## What is being asked
When the line containing "关于转发河北省科技厅《关于组" is found in the data below, give it again along with every later line, exactly; drop the pictures.

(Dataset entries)
________________________

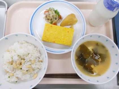 献立 大豆ごはん みそ汁 切り干し大根の玉子焼き 野菜のゆかり和え じゃが芋の甘煮 牛乳
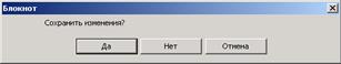 3) Заполнить поле И мя файла. 4) Нажать кнопку С охранить. Закрыть - закрытие файла. При выполнении этой операции не происходит выхода из Блокнот. Если изменения в документе не были сохранены, то будет выведено предложение сделать это:
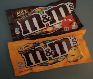 Returning to the U.S. and working with Bruce Murrie, son of Hershey Chocolate’s president, Mars developed their button-shaped variant, patented it on 3 March 1941, and began manufacture that year in New Jersey. M&M derived from Mars and Murrie, with a small “m” stamped on each button. The first big customer was the U.S. Army and during WWII M&Ms were sold exclusively to the military. “Melts in your mouth, not in your hand,” was first used as a tagline in 1949. Peanut M&Ms were introduced in 1954, and the rest is history.
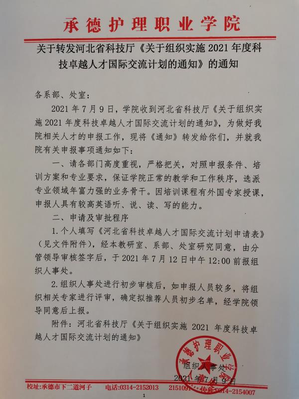 关于转发河北省科技厅《关于组织实施2021年度科技卓越人才国际交流计划的通知》的通知
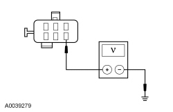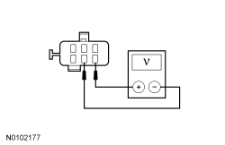 - Measure the voltage between the clock C2016-6, circuit SBP14 (BN/RD), harness side and ground.

________________________

## Written solution
 关于转发河北省科技厅《关于组织实施2021年度科技卓越人才国际交流计划的通知》的通知
 - Measure the voltage between the clock C2016-6, circuit SBP14 (BN/RD), harness side and ground.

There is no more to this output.